Work request.
Pictures are not part of the copy; reproduce the remaining data exactly.

Data section.
● ● ● ● ● ● ●
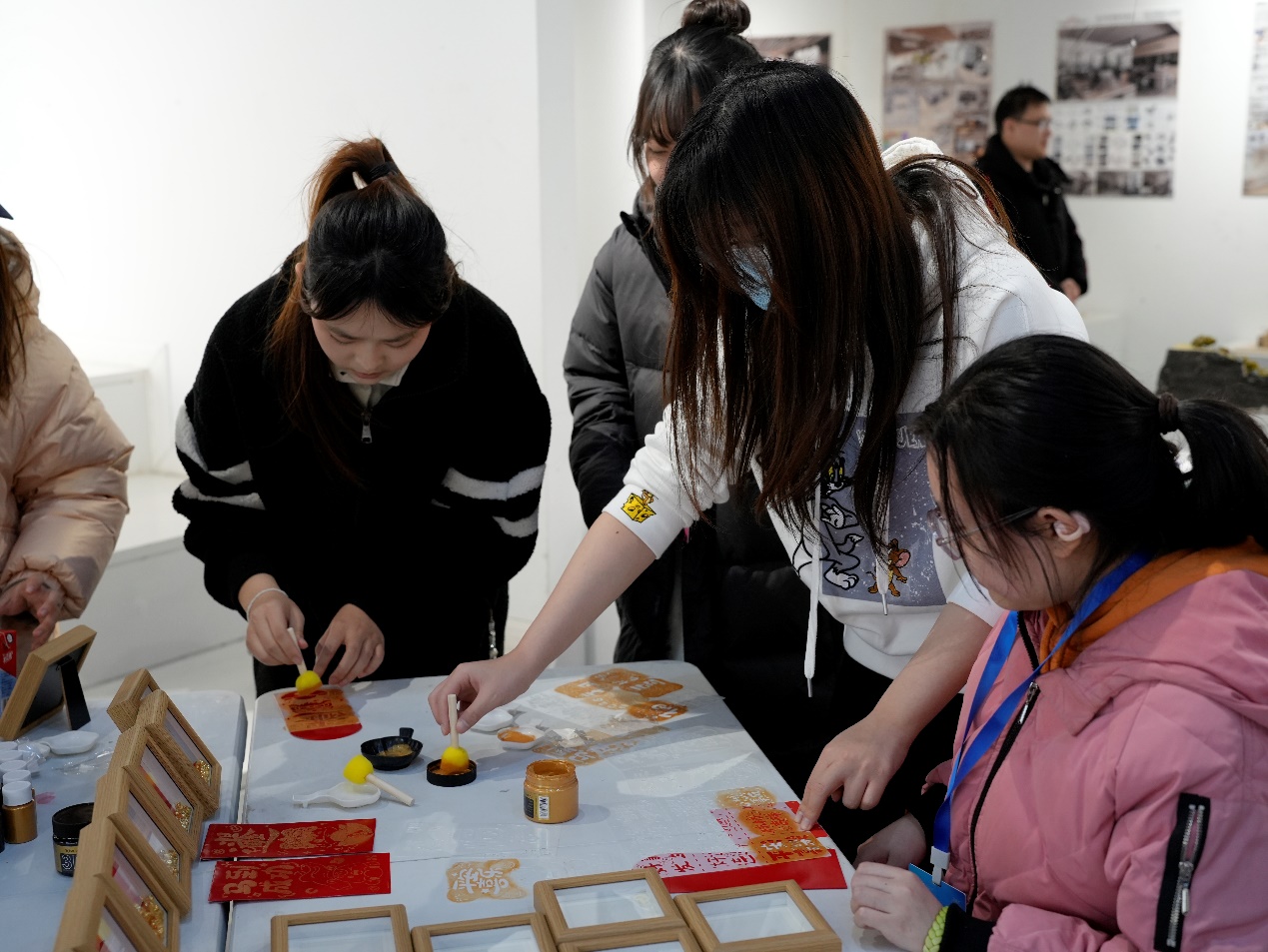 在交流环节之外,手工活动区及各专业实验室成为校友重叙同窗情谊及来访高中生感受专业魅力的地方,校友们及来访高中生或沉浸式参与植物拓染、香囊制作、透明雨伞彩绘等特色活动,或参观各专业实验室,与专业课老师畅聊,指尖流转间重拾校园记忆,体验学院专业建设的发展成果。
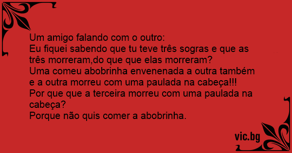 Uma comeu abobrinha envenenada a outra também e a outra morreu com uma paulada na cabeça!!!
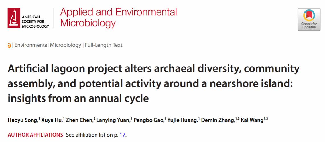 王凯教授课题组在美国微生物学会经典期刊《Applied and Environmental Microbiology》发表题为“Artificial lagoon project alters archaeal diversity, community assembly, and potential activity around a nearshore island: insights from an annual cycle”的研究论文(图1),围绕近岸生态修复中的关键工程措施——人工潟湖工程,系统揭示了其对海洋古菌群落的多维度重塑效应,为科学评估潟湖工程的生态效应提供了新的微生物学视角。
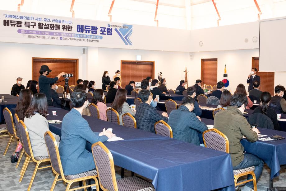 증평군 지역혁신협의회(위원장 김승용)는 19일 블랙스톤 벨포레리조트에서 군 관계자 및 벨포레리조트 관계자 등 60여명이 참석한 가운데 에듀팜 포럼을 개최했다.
● ● ● ● ● ● ●
Exercise output.
 在交流环节之外,手工活动区及各专业实验室成为校友重叙同窗情谊及来访高中生感受专业魅力的地方,校友们及来访高中生或沉浸式参与植物拓染、香囊制作、透明雨伞彩绘等特色活动,或参观各专业实验室,与专业课老师畅聊,指尖流转间重拾校园记忆,体验学院专业建设的发展成果。
 Uma comeu abobrinha envenenada a outra também e a outra morreu com uma paulada na cabeça!!!
 王凯教授课题组在美国微生物学会经典期刊《Applied and Environmental Microbiology》发表题为“Artificial lagoon project alters archaeal diversity, community assembly, and potential activity around a nearshore island: insights from an annual cycle”的研究论文(图1),围绕近岸生态修复中的关键工程措施——人工潟湖工程,系统揭示了其对海洋古菌群落的多维度重塑效应,为科学评估潟湖工程的生态效应提供了新的微生物学视角。
 증평군 지역혁신협의회(위원장 김승용)는 19일 블랙스톤 벨포레리조트에서 군 관계자 및 벨포레리조트 관계자 등 60여명이 참석한 가운데 에듀팜 포럼을 개최했다.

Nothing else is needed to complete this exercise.